| About this task |
Leave the pictures out, and transcribe the material below exactly from the line with "O MMS X2 é tanto" to the line with "주문을 하면 닭이 나오기전에", both lines included.

| Data in this exercise |
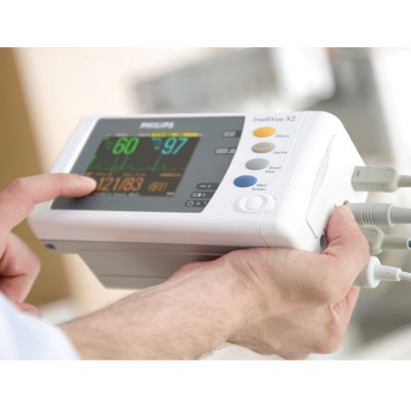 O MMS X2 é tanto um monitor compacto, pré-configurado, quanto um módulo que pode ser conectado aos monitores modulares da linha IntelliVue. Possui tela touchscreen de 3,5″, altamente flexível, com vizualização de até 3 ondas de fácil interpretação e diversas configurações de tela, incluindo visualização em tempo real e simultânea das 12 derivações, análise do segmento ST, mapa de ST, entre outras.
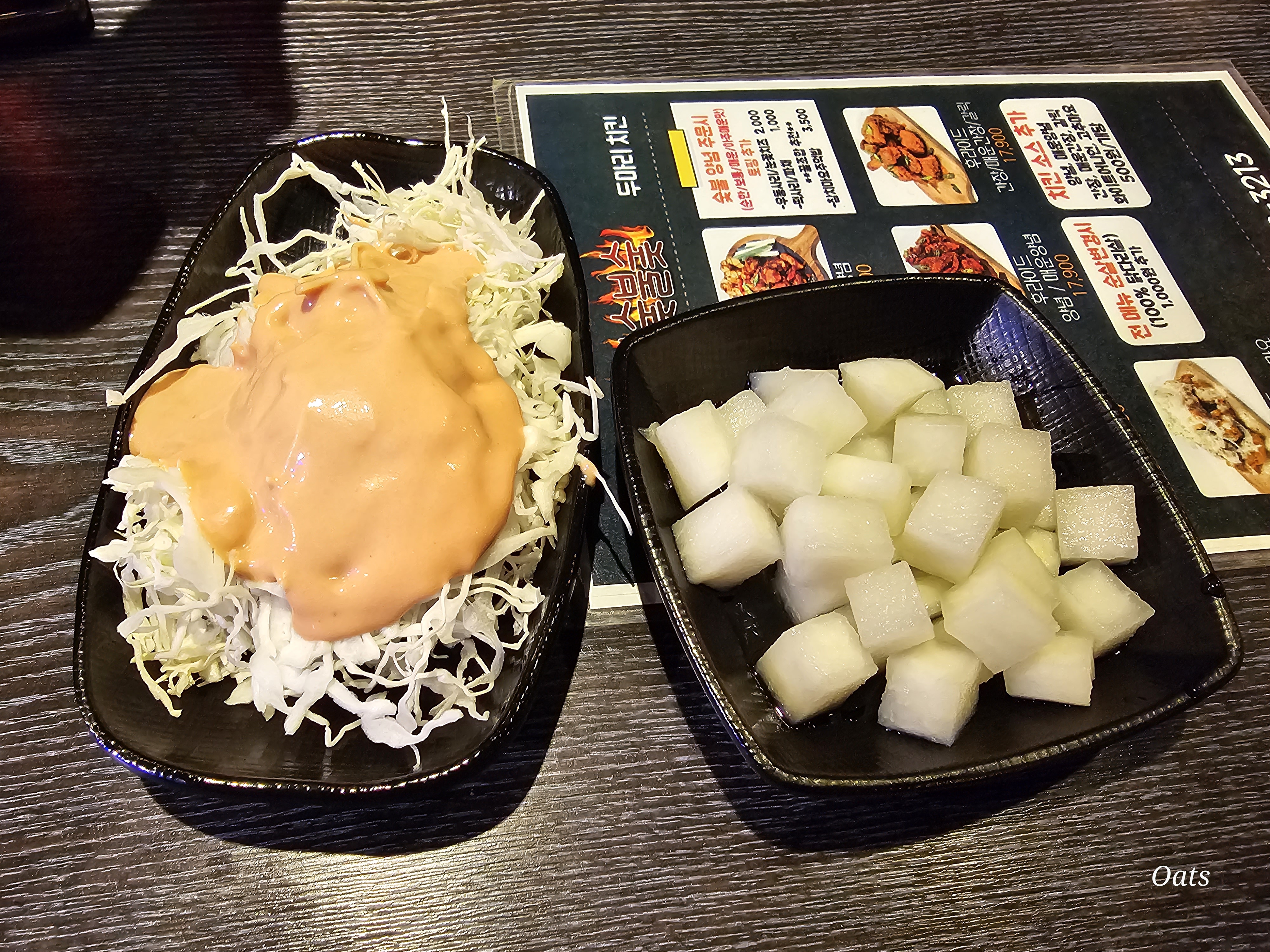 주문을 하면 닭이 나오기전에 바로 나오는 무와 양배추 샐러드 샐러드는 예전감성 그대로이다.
---
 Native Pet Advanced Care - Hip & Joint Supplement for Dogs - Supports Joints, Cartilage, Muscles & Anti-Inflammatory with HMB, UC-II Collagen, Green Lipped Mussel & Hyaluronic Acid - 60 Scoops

| Answer for this exercise |
 O MMS X2 é tanto um monitor compacto, pré-configurado, quanto um módulo que pode ser conectado aos monitores modulares da linha IntelliVue. Possui tela touchscreen de 3,5″, altamente flexível, com vizualização de até 3 ondas de fácil interpretação e diversas configurações de tela, incluindo visualização em tempo real e simultânea das 12 derivações, análise do segmento ST, mapa de ST, entre outras.
 주문을 하면 닭이 나오기전에 바로 나오는 무와 양배추 샐러드 샐러드는 예전감성 그대로이다.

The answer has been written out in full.